“Sir, I’m afraid you’re going to have to leave.”

Margot stood. “It’s okay, we’re going.”

“No! No, we’re not. I’m not finished yet.”

“Oh, I think we’reallfinished here,” declared Brad.

“The fuck we are! Sit down! Sit the fuck down, I’m not done yet!”

My own voice was ringing in my ears.

I somehow realized the front of my shirt, the rosary clinging to my chest, was wet with tears.

The entire restaurant had gone dead silent, even the whispers, as everyone stared in our direction. Out of the corner of my eye I saw the waiter signal to another wait staff at the front counter who picked up a phone.

Margot tried to pull my chair out.

“No, Margot! I said I’m not done.”

“Trust me, Noah. You’re done. Come with me now.”

“Or else what? Somebody will call security? Too late, I think they already have. There’s no turning back now, like just about everything else in my life. Love… joy… a lifetime of happiness. It all ended in a second, the second a bus came along and…” My voice faltered and the sobbing began to take over. “The second a bus came and took him away. Now he’s gone. Now…”

My chin sank against my chest.

My tears fell faster than my hands could swipe them away.

My chest heaved and it hurt.

It hurt.

So much.

“Now I have nothing. Nothing but rage.” I sniffed and raised my head. “If that’s all I’ve got… if the anger is the only thing left in his place… then I guess I’ll have to learn to love it. Right?”

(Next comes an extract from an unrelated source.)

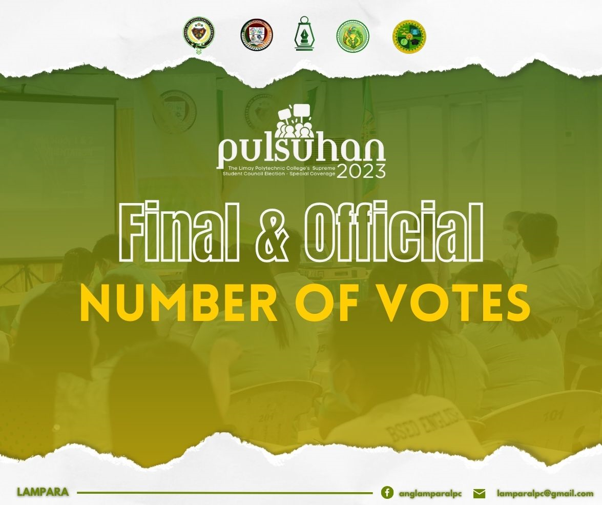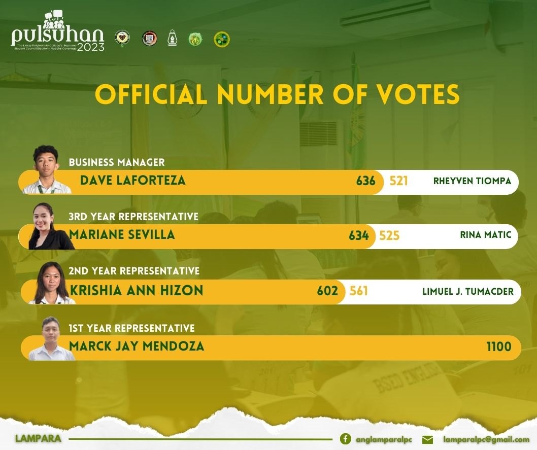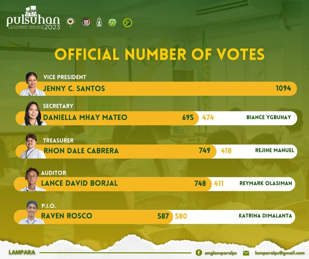 Mark Adrian Labosta from the Teacher Education Department, carrying the banner of DALISAY Party succeeded in the recently held Supreme Student Council (SSC) against vying Francis Dennis Nazareno from the B-DAY Party with 294 or 25.21% lead points in the presidency post. Labosta obtained 730 votes or 62.61%, while Nazareno had 436 or 37.39%, noting an 83.89% total votes cast by the students from the total population. Other officers who made it in the poll were: Jenny C. Santos (vice president), Daniella Mhay Mate (secretary), Rhon Dale Cabrera (treasurer), Lance David Borjal (auditor), Raven Rosco (PIO), Dave Laforteza (Business Manager), Mariane Sevilla (3rd Year Representative), Krishia Ann Hizon (2nd Year Representative), and Marck Jay Mendoza (1st Year Representative), respectively. To note, the LAMPARA Publication served as watchdog of the ongoing SSC election, ensuring fair, valid, reliable and accurate results generated from clean and peaceful election proceedings. Thus, the said publication conceptualized and plugged the “Pulsuhan 2023: The LPC-SSC Election”.
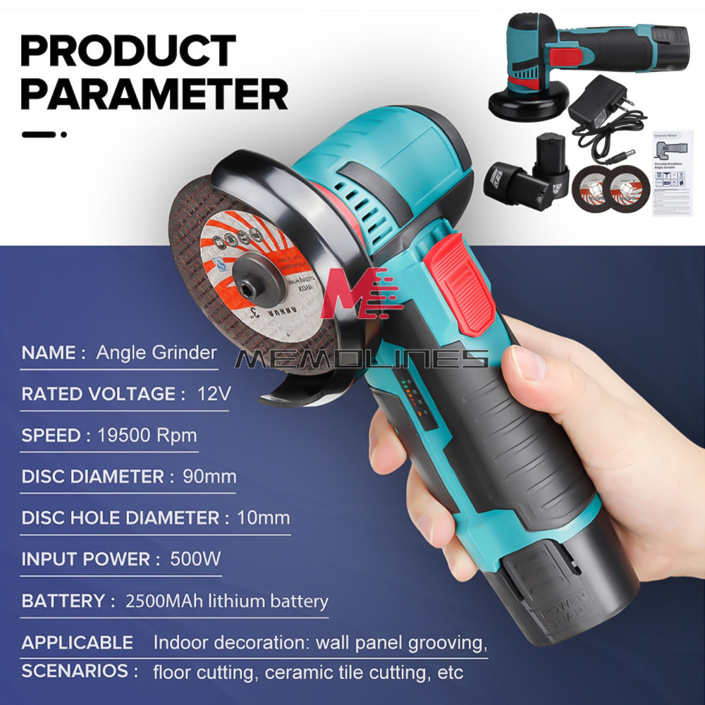 Motor: brushless motor Rated voltage: 12V Speed: 19500 rpm Disc diameter: 90mm Disc hole diameter: 10mm Input power: 500W Thread grinding: M5 Recommended ambient temperature: 0-+35°C Allowable ambient temperature: -20- + 50°C Battery capacity: 2500mAh Specifications: US, EU Weight: 0.7 kg

There was a commotion near the door as two security guards hurried into the restaurant.

I felt one of Margot’s arms wrap itself around my shoulders while she hooked her other hand under my arm, helping me up out of my chair.

I stood unsteadily.

The guards approached, but Margot shook her head. “Please don’t. We’re leaving. We’re sorry for the disturbance, but we can see ourselves out.”

We left Brad and Mike sitting at the table.

We left the stunned stares of the other patrons behind.

And slowly Margot carried me out into the cool September day.

When I ran out of the tissue supply in Margot’s handbag, I used my sleeves. When there were no dry patches left on my sleeves, I used my forearms and hands until finally I managed to dam up the tears, gazing blankly at the East River from the park bench on which we sat.

Margot lit her fourth cigarette. “Wow. That was…” She exhaled a plume of smoke. “That was really something.”

“Well, you did ask for fuck-the-world attitude.”